When MSNBC host Chris Hayes played the clip during an interview with Sanders, both men chuckled before the Vermont senator delivered his sharp critique. "This is [President Donald Trump's] economic adviser, God help us all," Sanders declared, highlighting the disconnect between administration rhetoric and economic reality.
The Real-World Impact on American Consumers
Sanders elaborated on the tangible consequences of rising fuel costs for ordinary Americans. "Here in the United States, you know, we're having 60 percent of our people living paycheck-to-paycheck," he explained. "And now what they're having to deal with is gas in Vermont, I think it's over four bucks a gallon, parts of the country, it's higher than that. And that means less money for food, less money to be able to pay the rent."
The senator connected the affordability crisis directly to Middle Eastern conflicts, noting that Prime Minister Benjamin Netanyahu's wars "have not only been grossly immoral and destructive, but they are also impacting billions of people throughout the world."
Administration's Mixed Messaging on War and Economy
Despite Hassett's wishful thinking, data from the American Automobile Association confirms Sanders' concerns. As of Wednesday morning, the average U.S. gas price stood at $4.11, with West Coast consumers paying significantly more due to war-related market disruptions.

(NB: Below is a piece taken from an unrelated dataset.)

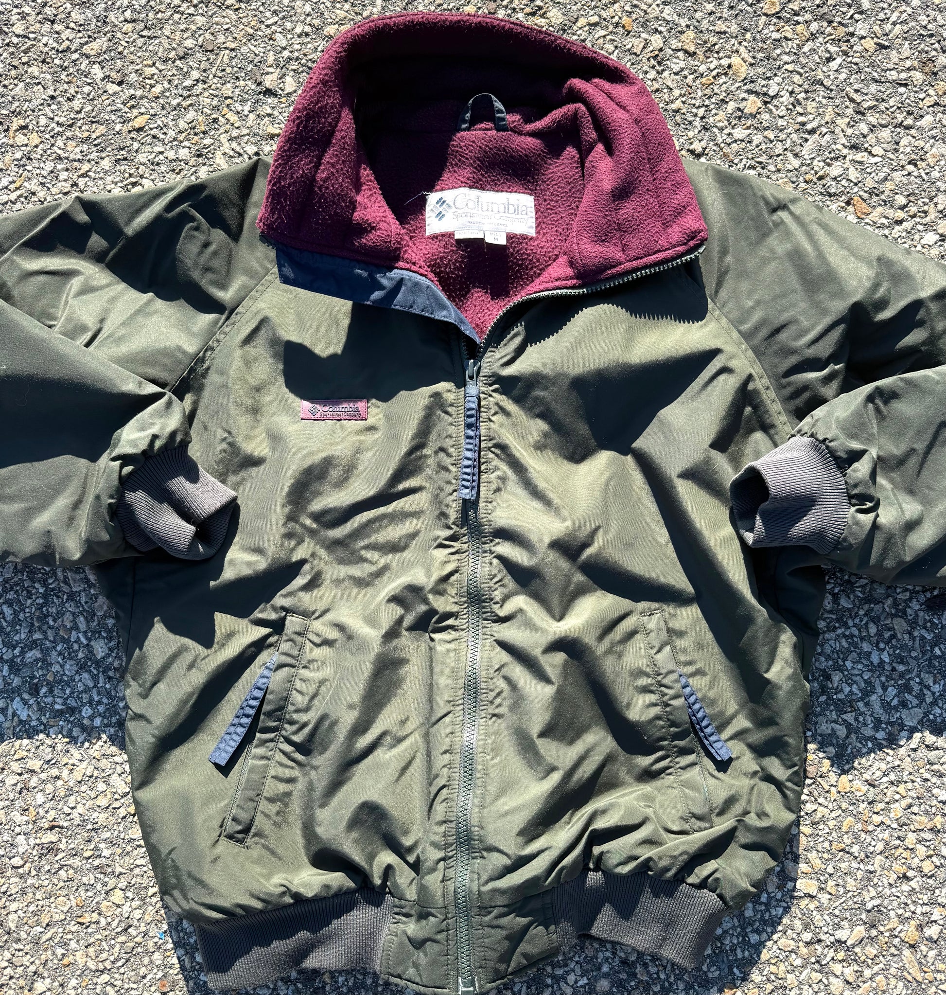 Vintage 90's Columbia Fleece Lined Mens Bomber Jacket Size M Medium Army Green with Maroon

The administration offered contradictory signals on Tuesday, with Trump telling Fox Business host Maria Bartiromo that the war is "very close" to ending, despite failed peace talks in Pakistan and similar unfulfilled promises from two weeks prior. Meanwhile, Treasury Secretary Scott Bessent told the BBC that "a small bit of economic pain" was acceptable for long-term security, and Kansas Senator Roger Marshall told Newsmax viewers that "your national security is more important than your pocketbook."
Energy Secretary's Cautious Forecast
Energy Secretary Chris Wright provided a more tempered outlook at the Semafor World Economy summit in Washington, D.C., suggesting his earlier summer resolution forecast now appeared "aggressive." Wright acknowledged that "we're going to see energy prices, you know, high and maybe even rising, until we get meaningful ship traffic through the Straits of Hormuz," with peak prices potentially coming in the next few weeks.
In a concerning admission echoing Trump's previous comments, Wright stated there was "a very real possibility" that oil prices could rise further before improvement occurs.
Broader Economic Implications
Sanders criticized the administration's economic priorities, noting that "Trump's thought is that when we spend that money, we can cut back on healthcare and child care to pay for the war. Pretty crazy stuff." He estimated the conflict could ultimately cost a trillion dollars while exacerbating domestic affordability issues.
The International Monetary Fund reinforced these concerns on Tuesday, lowering its global growth outlook and warning that worsening conflict could push the world economy toward recession. With oil prices hovering near $100 per barrel and the Strait of Hormuz effectively closed, the economic stakes continue to rise alongside political tensions.